** Work to be completed **
The reply needs the lines from the one containing "Мужчины отличаются эмоциональной" through the end of the material, each repeated exactly, and no pictures.

** Data to use **
★ ★ ★ ★ ★ ★ ★

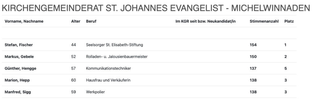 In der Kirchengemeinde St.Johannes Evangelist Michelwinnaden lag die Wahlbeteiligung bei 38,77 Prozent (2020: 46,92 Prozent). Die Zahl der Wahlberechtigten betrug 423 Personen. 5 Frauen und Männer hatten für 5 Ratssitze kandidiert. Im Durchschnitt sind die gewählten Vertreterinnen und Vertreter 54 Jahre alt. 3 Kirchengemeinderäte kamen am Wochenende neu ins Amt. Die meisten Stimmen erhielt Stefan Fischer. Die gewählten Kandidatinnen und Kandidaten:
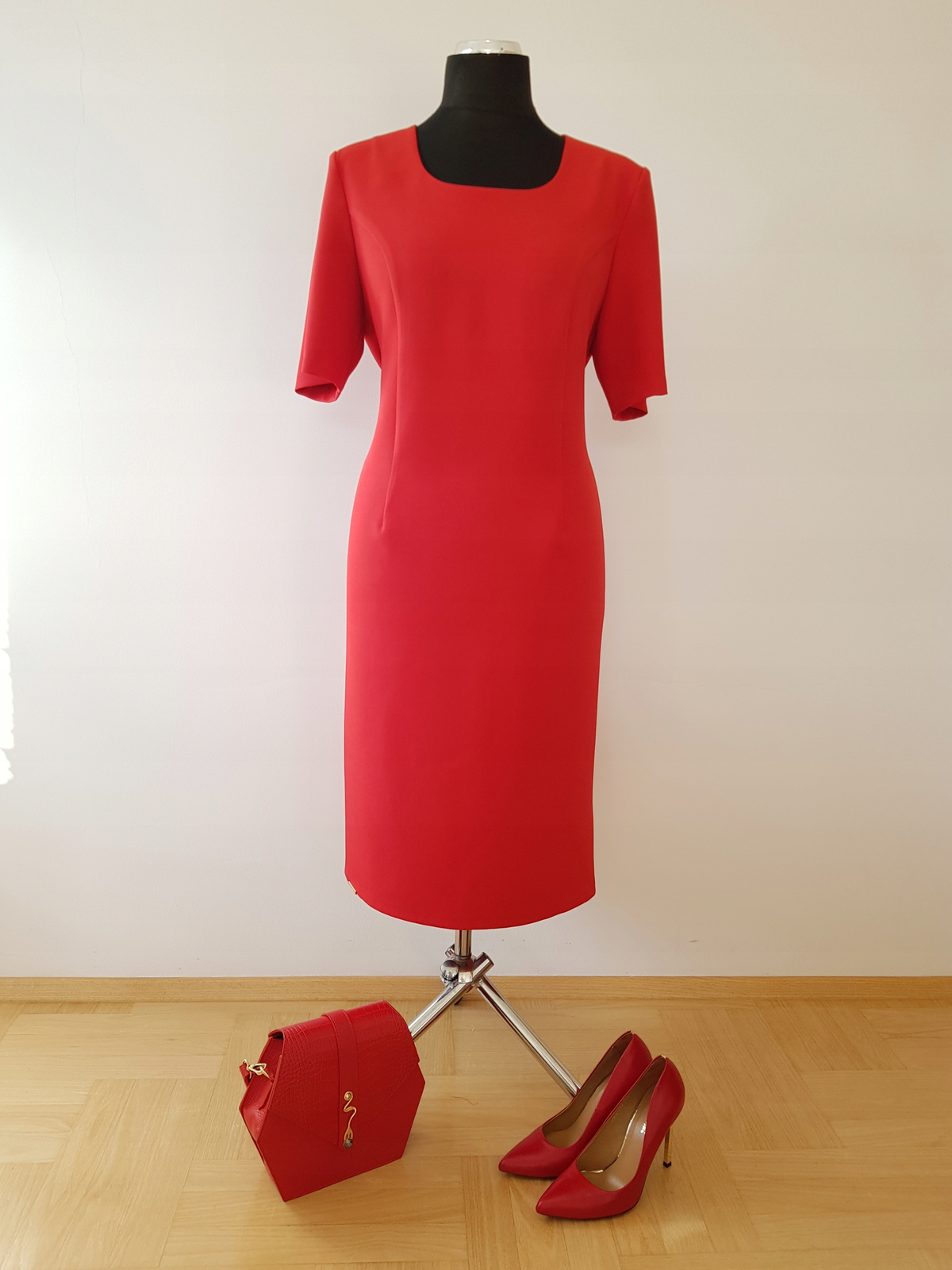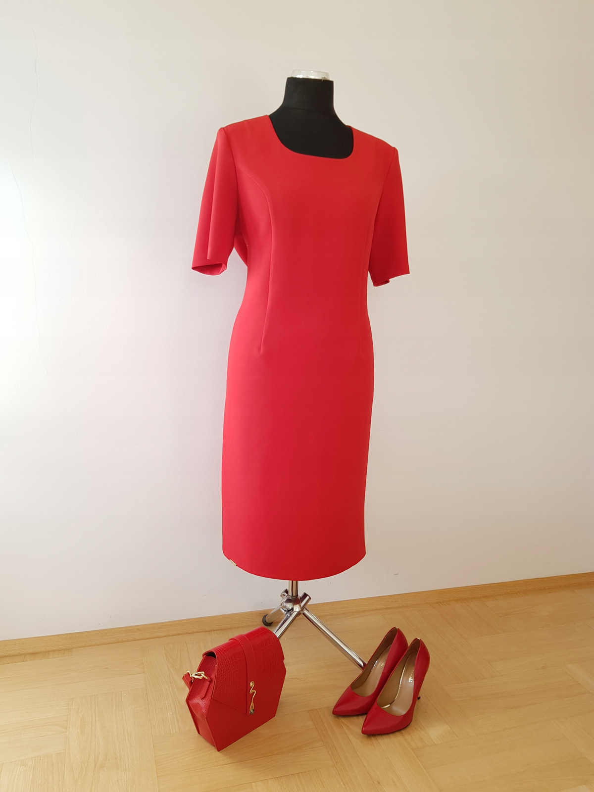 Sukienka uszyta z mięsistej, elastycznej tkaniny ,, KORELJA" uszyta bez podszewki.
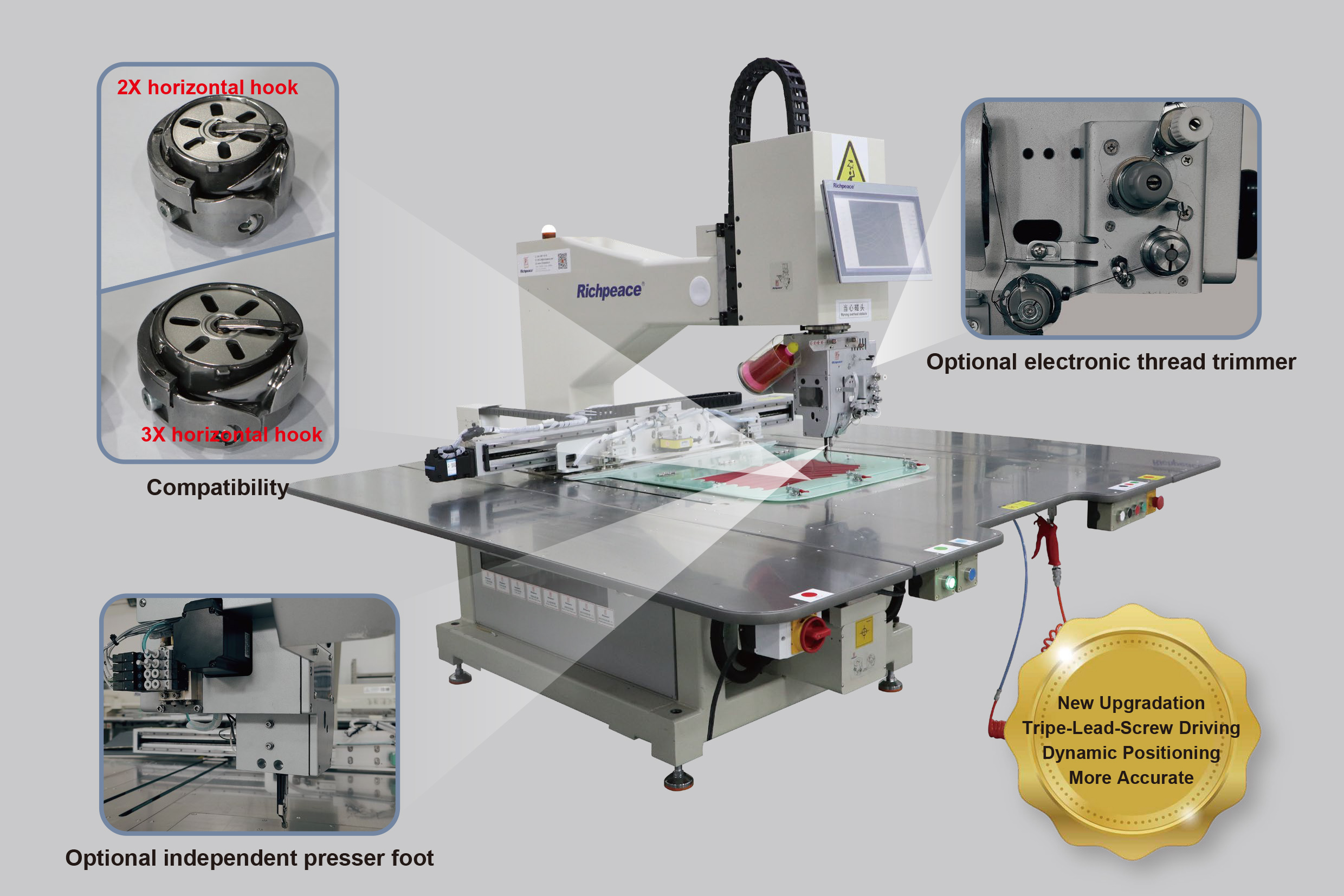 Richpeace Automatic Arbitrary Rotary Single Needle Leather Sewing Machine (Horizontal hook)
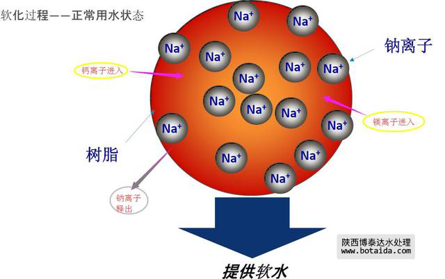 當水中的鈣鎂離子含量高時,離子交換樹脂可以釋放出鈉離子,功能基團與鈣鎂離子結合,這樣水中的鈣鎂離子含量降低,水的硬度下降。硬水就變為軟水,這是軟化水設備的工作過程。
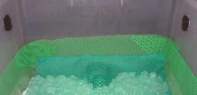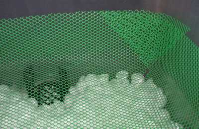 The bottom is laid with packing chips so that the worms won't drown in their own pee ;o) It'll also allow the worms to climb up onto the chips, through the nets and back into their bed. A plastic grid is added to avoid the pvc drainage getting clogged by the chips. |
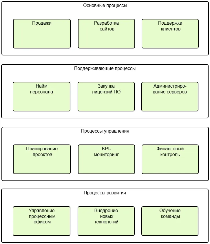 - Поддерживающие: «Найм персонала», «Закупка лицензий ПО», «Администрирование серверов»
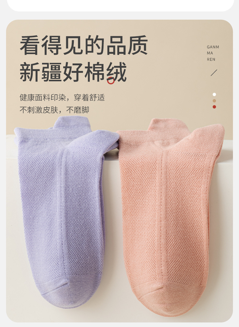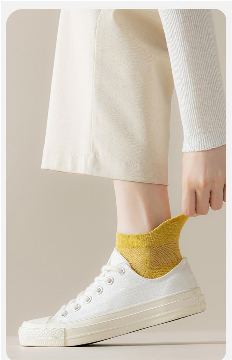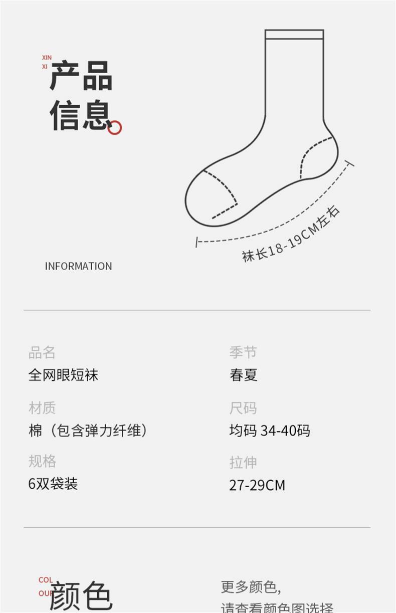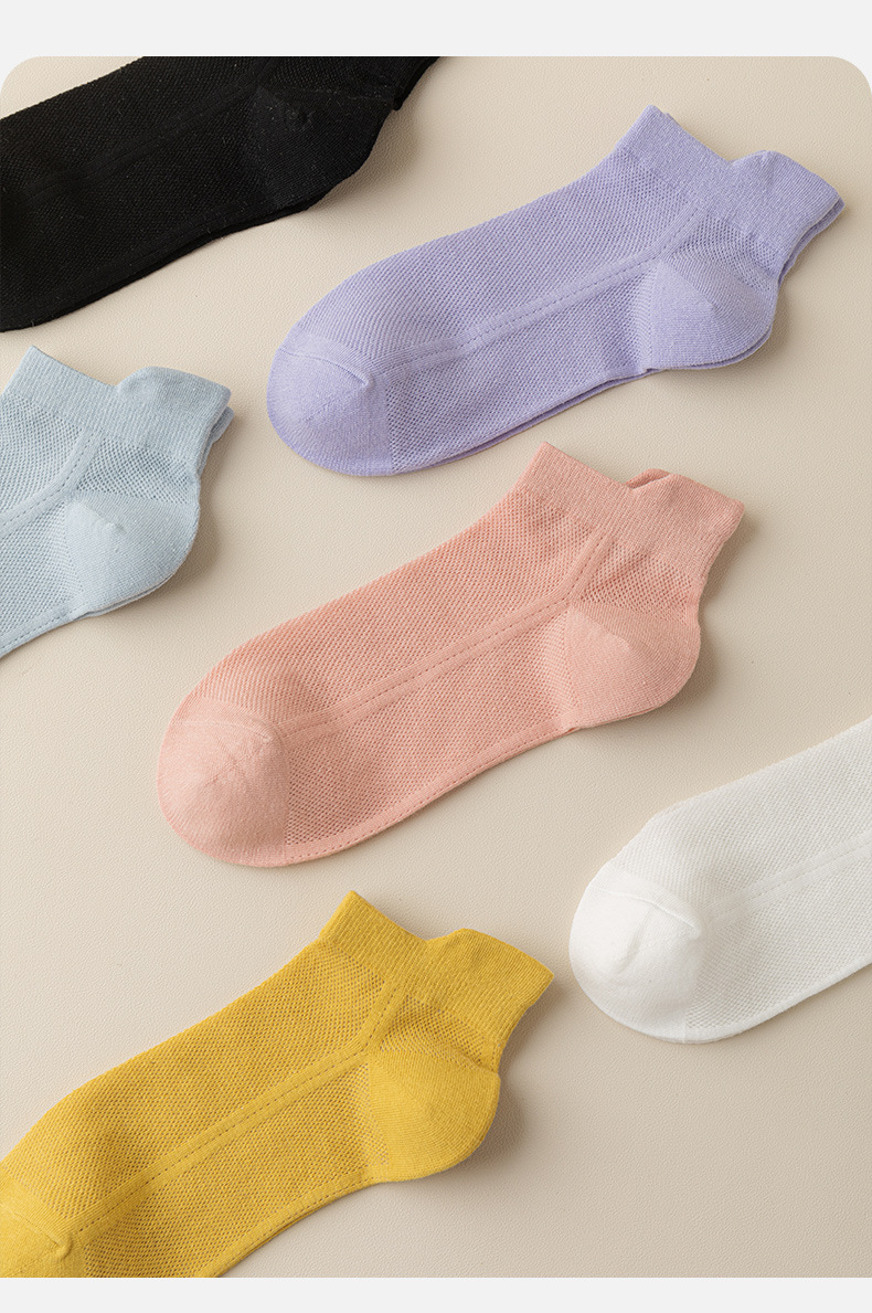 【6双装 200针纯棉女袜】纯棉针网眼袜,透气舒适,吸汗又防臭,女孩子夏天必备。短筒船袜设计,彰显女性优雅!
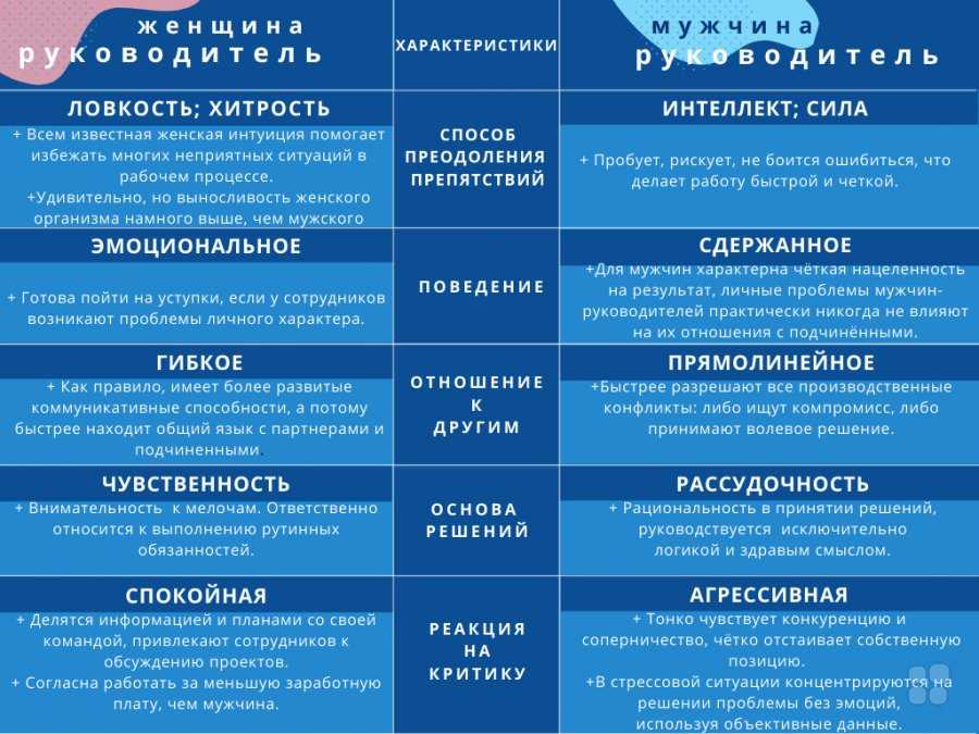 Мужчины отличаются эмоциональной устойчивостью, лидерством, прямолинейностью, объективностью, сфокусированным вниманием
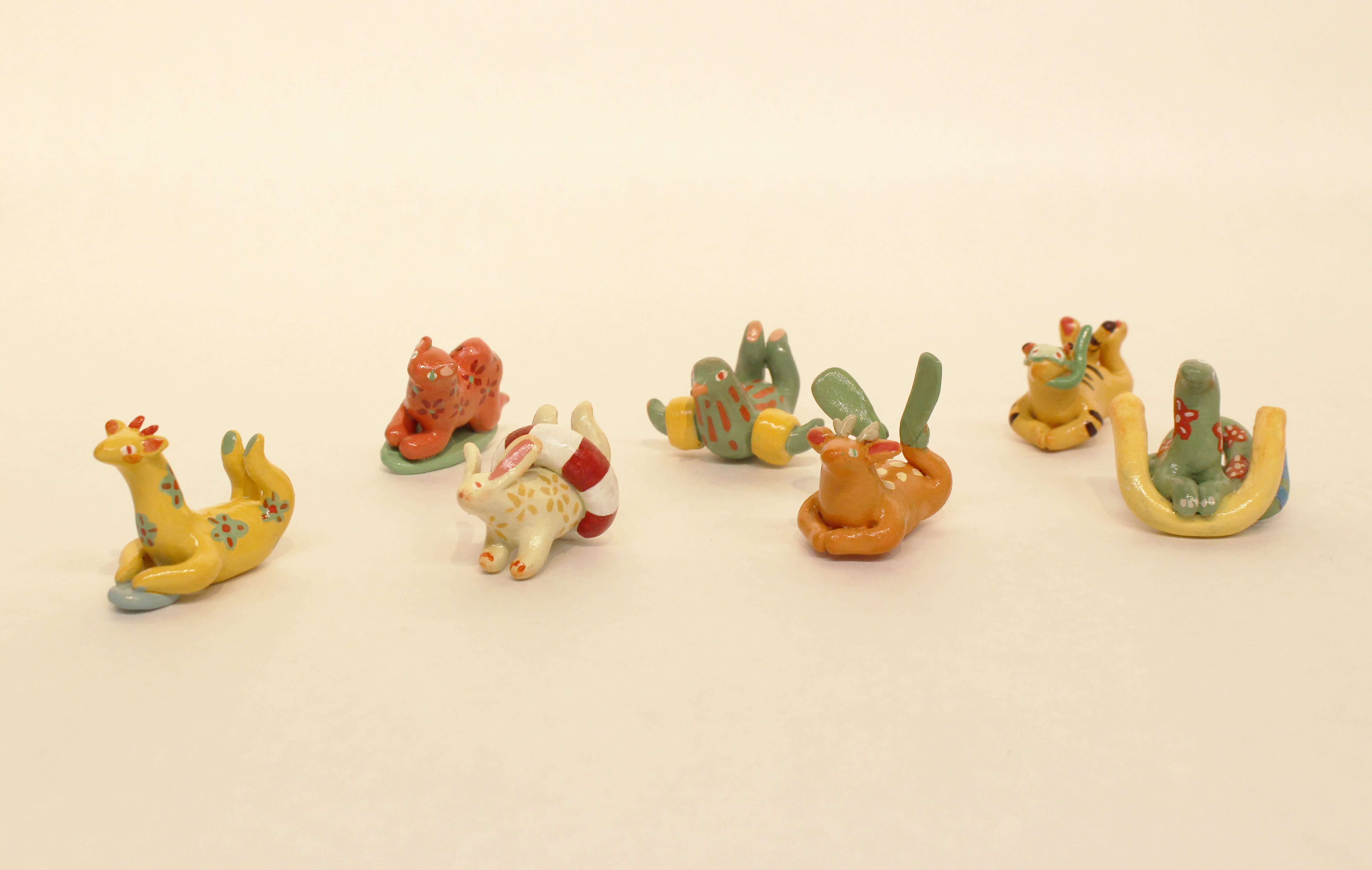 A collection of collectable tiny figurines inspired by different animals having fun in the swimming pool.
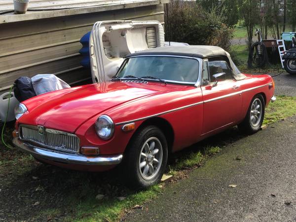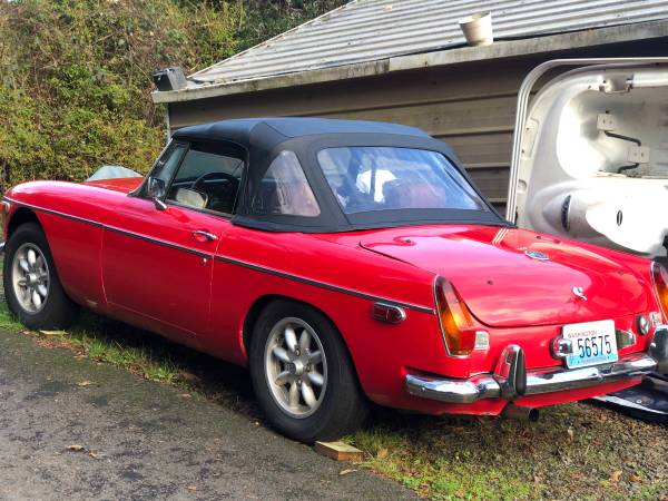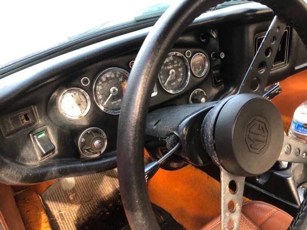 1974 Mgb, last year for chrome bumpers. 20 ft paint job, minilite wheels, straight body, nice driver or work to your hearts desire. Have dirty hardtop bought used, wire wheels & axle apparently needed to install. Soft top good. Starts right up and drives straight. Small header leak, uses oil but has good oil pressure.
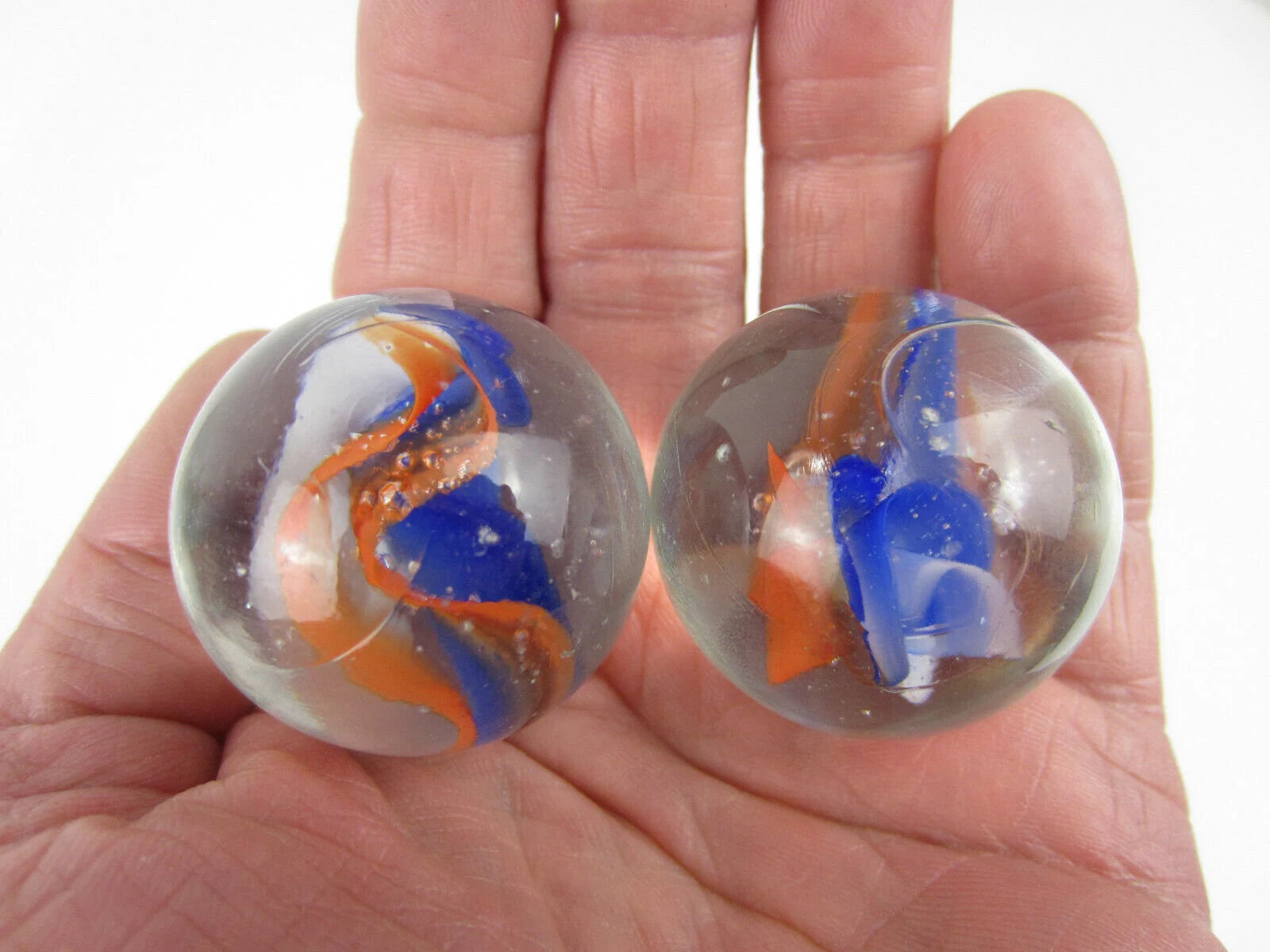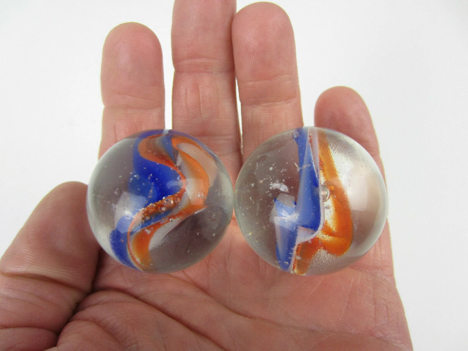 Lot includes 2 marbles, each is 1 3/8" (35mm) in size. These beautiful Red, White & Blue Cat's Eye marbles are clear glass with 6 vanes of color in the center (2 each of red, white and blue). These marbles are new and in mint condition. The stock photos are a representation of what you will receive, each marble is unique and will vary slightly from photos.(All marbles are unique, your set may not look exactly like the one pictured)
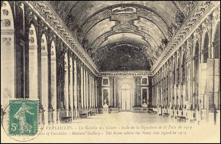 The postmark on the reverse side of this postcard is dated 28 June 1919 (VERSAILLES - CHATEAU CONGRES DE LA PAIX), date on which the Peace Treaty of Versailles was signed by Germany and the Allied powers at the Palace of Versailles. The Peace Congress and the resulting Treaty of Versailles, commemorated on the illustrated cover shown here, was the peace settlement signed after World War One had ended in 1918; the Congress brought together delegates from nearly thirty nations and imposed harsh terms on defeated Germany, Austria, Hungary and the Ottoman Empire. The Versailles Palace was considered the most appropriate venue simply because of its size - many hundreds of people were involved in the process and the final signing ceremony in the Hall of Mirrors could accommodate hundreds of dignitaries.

★ ★ ★ ★ ★ ★ ★

** Result of the task **
 Мужчины отличаются эмоциональной устойчивостью, лидерством, прямолинейностью, объективностью, сфокусированным вниманием
 A collection of collectable tiny figurines inspired by different animals having fun in the swimming pool.
 1974 Mgb, last year for chrome bumpers. 20 ft paint job, minilite wheels, straight body, nice driver or work to your hearts desire. Have dirty hardtop bought used, wire wheels & axle apparently needed to install. Soft top good. Starts right up and drives straight. Small header leak, uses oil but has good oil pressure.
 Lot includes 2 marbles, each is 1 3/8" (35mm) in size. These beautiful Red, White & Blue Cat's Eye marbles are clear glass with 6 vanes of color in the center (2 each of red, white and blue). These marbles are new and in mint condition. The stock photos are a representation of what you will receive, each marble is unique and will vary slightly from photos.(All marbles are unique, your set may not look exactly like the one pictured)
 The postmark on the reverse side of this postcard is dated 28 June 1919 (VERSAILLES - CHATEAU CONGRES DE LA PAIX), date on which the Peace Treaty of Versailles was signed by Germany and the Allied powers at the Palace of Versailles. The Peace Congress and the resulting Treaty of Versailles, commemorated on the illustrated cover shown here, was the peace settlement signed after World War One had ended in 1918; the Congress brought together delegates from nearly thirty nations and imposed harsh terms on defeated Germany, Austria, Hungary and the Ottoman Empire. The Versailles Palace was considered the most appropriate venue simply because of its size - many hundreds of people were involved in the process and the final signing ceremony in the Hall of Mirrors could accommodate hundreds of dignitaries.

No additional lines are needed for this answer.